In this notebook, we have computationally verified that the 2-dimensional sphere $S^2$ is indeed a 2-dimensional manifold. We have done this by demonstrating that two different parameterizations of $S^2$ (spherical coordinates and stereographic projection) are equivalent and cover the same set $S^2$.

Specifically, we have:

1. Generated random points on $S^2$ using spherical coordinates.
2. Transformed these points to the parameters of the stereographic projection.
3. Transformed these parameters back to spherical coordinates.

The fact that the original and final spherical coordinates are the same (to within a specified tolerance) confirms that the two parameterizations are equivalent and cover the same set $S^2$.

This result is significant because it demonstrates that different choices of local coordinate charts can satisfy the definition of a manifold. This is a key property of manifolds and is fundamental to their study in differential geometry and related fields.
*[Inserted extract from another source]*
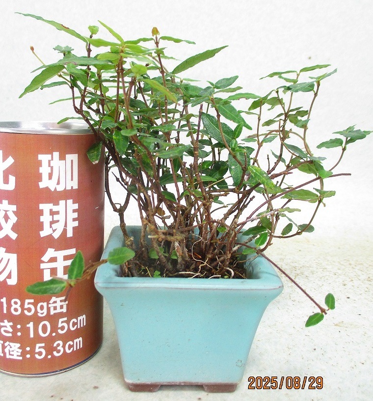 > [緑の市場] ミニ盆栽 チリメンカズラ (81267均釉正方鉢)全高:16㎝【小型送料】*同梱包対応「まとめて取引」厳守*60サイズ送料明記

## Next Steps: Exploring the Torus

Having explored the manifold properties of the sphere $S^2$, we will next turn our attention to another important 2-dimensional manifold: the torus. The torus can be thought of as the Cartesian product of the circle $S^1$ with itself. In the following sections, we will explore the properties of the torus and demonstrate its manifold structure.
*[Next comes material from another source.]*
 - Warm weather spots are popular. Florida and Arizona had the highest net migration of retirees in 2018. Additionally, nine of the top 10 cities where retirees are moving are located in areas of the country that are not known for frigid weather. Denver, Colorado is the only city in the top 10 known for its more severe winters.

## The Torus as a 2-Dimensional Manifold

The torus, often visualized as the shape of a doughnut or an inner tube, is another example of a 2-dimensional manifold. It can be thought of as the Cartesian product of the circle $S^1$ with itself, denoted as $S^1 \times S^1$.

We can parameterize the torus using two angles, $\theta$ and $\phi$, which correspond to rotations around the two circular directions of the torus. Given a major radius $R$ and a minor radius $r$, the parameterization in Cartesian coordinates is given by:

$$
\begin{align*}
x &= (R + r\cos\theta)\cos\phi \\
y &= (R + r\cos\theta)\sin\phi \\
z &= r\sin\theta
\end{align*}
$$

where $\theta, \phi \in [0, 2\pi)$. This parameterization covers the entire torus except for a single point, which can be covered by a second parameterization.
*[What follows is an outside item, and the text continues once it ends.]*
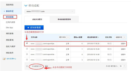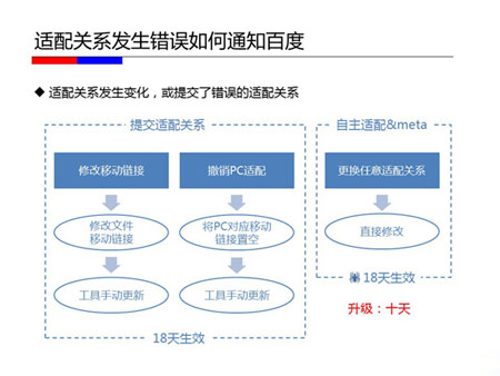 目前通過百度站長(zhǎng)平臺(tái)進(jìn)行移動(dòng)適配關(guān)系提交是大家選擇較多、也是效果最理想的方式。如果適配關(guān)系發(fā)生變化,除了修改適配文件外,記得一定要通過開放適配工具進(jìn)行文件手動(dòng)更新。

Let's generate and plot points on the torus using this parameterization:



In [None]:
# Define the major and minor radii
R = 3
r = 1

# Define the number of points to generate
num_points = 100000  # Increase the number of points

# Generate random angles theta and phi
theta = 2 * torch.pi * torch.rand(num_points)
phi = 2 * torch.pi * torch.rand(num_points)

# Calculate the Cartesian coordinates
x = (R + r * torch.cos(theta)) * torch.cos(phi)
y = (R + r * torch.cos(theta)) * torch.sin(phi)
z = r * torch.sin(theta)

# Plot the points on the torus
fig = plt.figure(figsize=(10, 10))  # Increase the size of the figure
ax = fig.add_subplot(111, projection='3d')
ax.scatter(x.numpy(), y.numpy(), z.numpy(), alpha=0.6, edgecolors='w', s=20)
ax.set_box_aspect([1,1,1])  # Make the aspect ratio equal
plt.show()


# Lie Groups

A Lie group is a group that is also a differentiable manifold, such that the group operations (multiplication and inversion) are smooth. This means that a Lie group is a set that is equipped with a group structure, a manifold structure, and these structures are compatible in the sense that group operations are smooth functions.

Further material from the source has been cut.